Movement system for the inspection of a gas turbine and gas turbine equipped with such a system

Abstract

 Movement system (10) for the inspection of a turbine (40) of the type equipped with a shaft (42) having a series of blades, which is coupled with a shaft (72) of a compressor (70) by means of a loading joint (80), the system (10) comprises a crank rotation mechanism (20) in turn comprising a reducer group (24) for rotating the shaft (42) of the turbine (40) to allow the inspection of the series of blades by means of a boroscope, avoiding the necessity of decoupling the turbine (40) from the compressor (70).

Description

[0001] The present invention relates to a movement system for the inspection of a turbine, in particular for a turbine connected to a centrifugal compressor.

[0002] During the useful life of a turbine maintenance operations are envisaged which are necessary for guaranteeing the correct functioning of the turbine itself.

[0003] During these periodical operations, controls and inspections are effected and damaged or worn parts or components are possibly substituted.

[0004] The parts of a turbine which are most subject to wear are the turbine blades as they undergo mechanical stress at a high temperature and are also subject to hot corrosion due to the hot gases with which the turbine operates.

[0005] This consequently creates the necessity of periodical inspections of the turbine blades to control their integrity and functionality.

[0006] During programmed maintenance operations, in order to be able to inspect the blades of the turbine, it is therefore normally necessary to rotate the blades of the turbine itself in particular by rotating the whole turbine rotor.

[0007] This is applied especially in the case of a boroscopic inspection.

[0008] In order to effect this type of inspection, the turbine must first be decoupled from a centrifugal compressor connected thereto.

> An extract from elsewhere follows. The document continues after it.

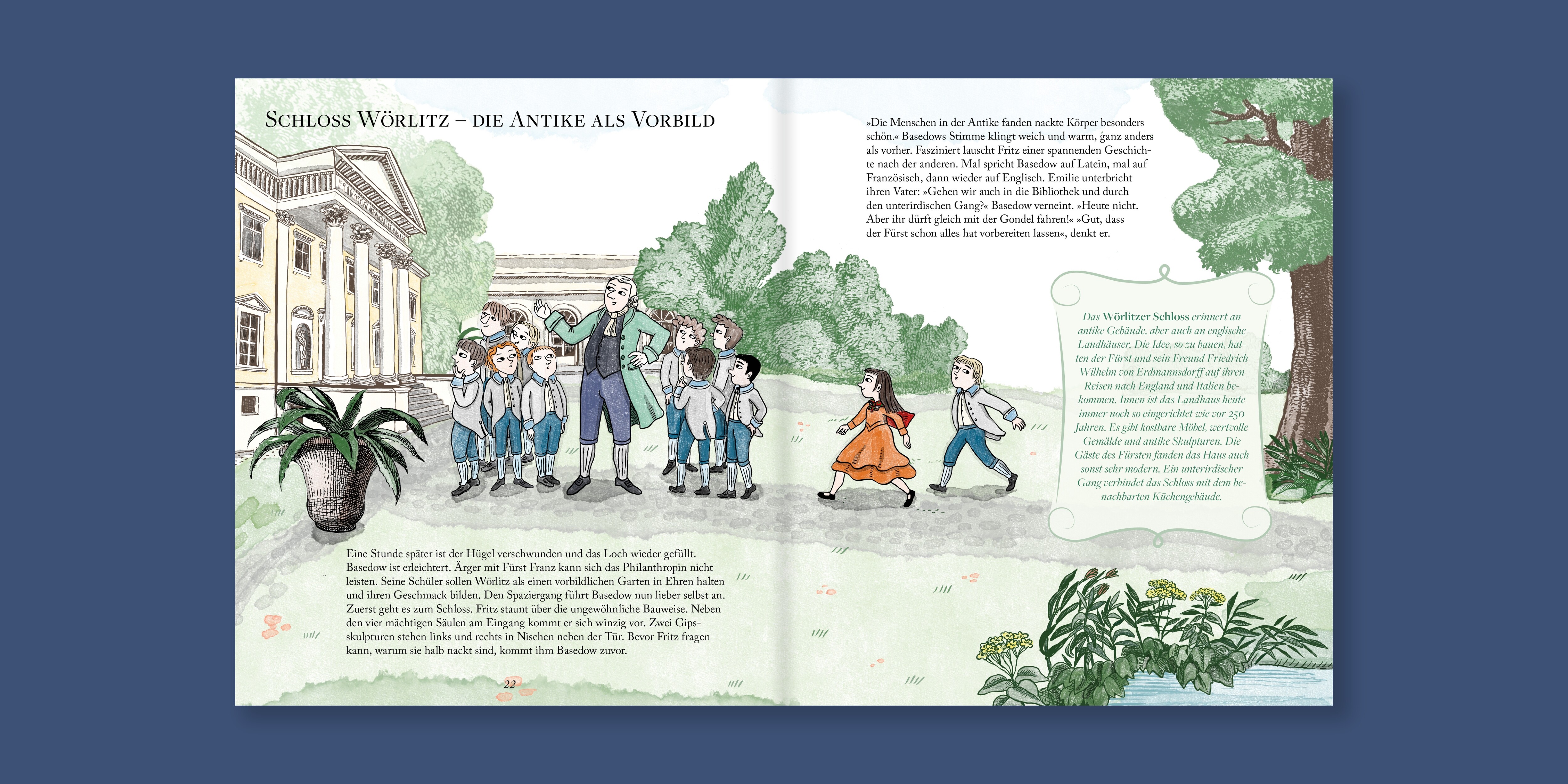 Entlang einer witzigen Story zwischen Fritz und Emilie, angereichert mit vielen spannenden Sachinformationen, erklärt das Buch wichtige Themen dieser Epoche für Kinder ab 8 Jahren. Es geht um die Ideale der Aufklärung, die Schulreform, den Bildungsenthusiasmus der 1770er Jahre, Lernen durch Anschauung, die fürstliche Politik und Toleranz - auch in religiöser Hinsicht. Es geht um Vulkane in Dessau, Gespräche in Latein und Französisch, Tischlern, Sternwarten, Theaterspielen, Sportunterricht, Sexualkunde, Gemüseziehen, Lachse fangen, Schuluniform, Beatles-Haarschnitte, Raufereien zwischen Lehrern, lange Schultage und vieles mehr. Mit lebendigen Illustrationen, die an die Ästhetik des 18. Jahrhunderts anknüpfen, nimmt das Buch junge Leserinnen und Leser direkt mit in diese Zeit.

[0009] In other words, a loading joint is disassembled, which connects the shaft of the turbine to the shaft of the centrifugal compressor connected thereto.

[0010] This operation is extremely difficult and also requires specialized labour to avoid damaging a conical coupling situated in particular on the shaft of the centrifugal compressor.

[0011] The turbine is then opened and the blades are inspected by means of a boroscope.

[0012] As a result of the reduced visibility, it is also necessary to rotate the shaft of the turbine to be able to inspect all of its blades.

[0013] The shaft of the low pressure turbine is then rotated manually by acting on the portion of the turbine shaft which has been decoupled at the loading joint.

[0014] The reason for this is that the shaft of the turbine is not normally very accessible.

[0015] Another disadvantage is that a total of two or three days are necessary for dismantling the turbine, inspecting the blades of the turbine and assembling and reactivating it again.

[0016] It is consequently evident that the stoppage time of the turbine represents a considerable cost as it reduces the productivity of the turbine itself.

[0017] In addition to this cost, there is the cost of labour and the machines necessary for decoupling the turbine from the compressor, inspecting the turbine blades and reassembling the turbine and the compressor.

[0018] An objective of the present invention is to provide a movement system for the inspection of a turbine which allows an easy and rapid inspection of the turbine blades.

[0019] A further objective is to provide a movement system for the inspection of a turbine which reduces the times and costs for inspecting the turbine.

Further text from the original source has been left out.